The Father (Magill Book Reviews)
At a glance:
- Author: Sharon Olds
- First Published: 1992
- Type of Work: Poetry
- Genres: Poetry
- Subjects: Parents and children, Mythology or myths, Reality, Fathers, Death or dying, Metaphysics
Almost too painful to read, Sharon Olds’s THE FATHER describes the death of her father from cancer, the events directly following, and her learning to live with his loss. The book’s power comes from its combination of the intensely physical with the mythic. The reader cannot escape these poems; from the first few lines, they are weighted with a Greek necessity. The minute details of hospital care and practical arrangements for cremation and funeral are woven into the universal tragedy of the loss of the loved one.
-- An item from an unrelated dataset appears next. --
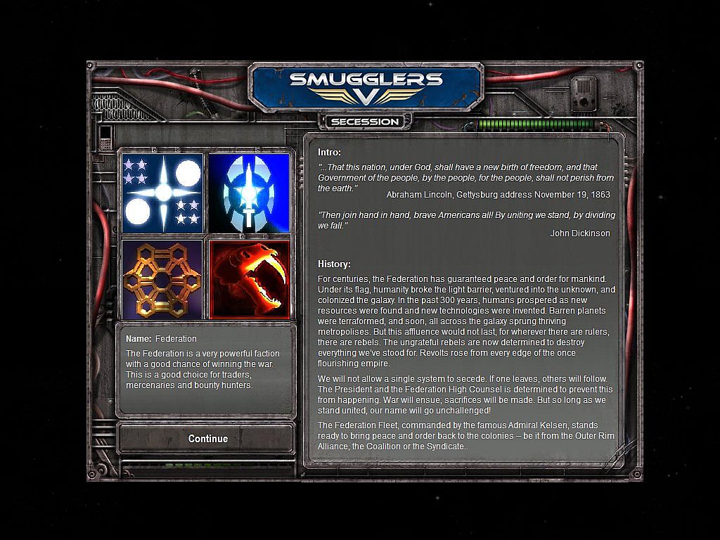 The galaxy is at war - the Federation, the Coalition, the Outer Rim systems and the criminal Syndicate battle for control. It's a dangerous life for a pilot on the front lines, but it can also be a lucrative one - are you an honest trader, or does smuggling illegal goods sound more profitable? Will you join the war effort for your faction, set up your own empire or simply explore the galaxy?

Both the mythic and the physical are evident in the titles: “His Smell,” “The Dead Body,” “Death,” “The Feelings,” “The Urn,” “The Underlife,” “The Ferryer.” The two primary participants, daughter and dying father, are caught in various postures which provide insight both into the father-daughter relationship and into this inevitable human scene. Other figures, the father’s wife and the poet’s daughter, for instance, appear, but basically this is a drama of two people. This kind of writing seems to work from the premise that accurate description of the particulars of pain brings transcendence, and so it does, to a certain extent, in the last few poems. But the release she achieves is not traditional or easy. In the last poem, “My Father Speaks to Me from the Dead,” the father accepts the daughter, all of her, body and mind, with “matter’s love”: “. . . when I say now that I love you/ I mean look down at your hand, move it,/ that action is matter’s love, for human/ love go elsewhere.”
Sources for Further Study
American Health. XI, July, 1992, p. 100.
Belles Lettres. VIII, Fall, 1992, p. 30.
Booklist. LXXXVIII, April 15, 1992, p. 1498.
Boston Globe. October 4, 1992, p. 37.
Library Journal. CXVII, April 15, 1992, p. 96.
Los Angeles Times Book Review. September 13, 1992, p. 15.
The Nation. CCLV, December 14, 1992, p. 748.
Publishers Weekly. CCXXXIX, April 6, 1992, p. 57.
Salmagundi. No. 97, Winter, 1993, p. 169.
Washington Times. July 19, 1992, p. B8.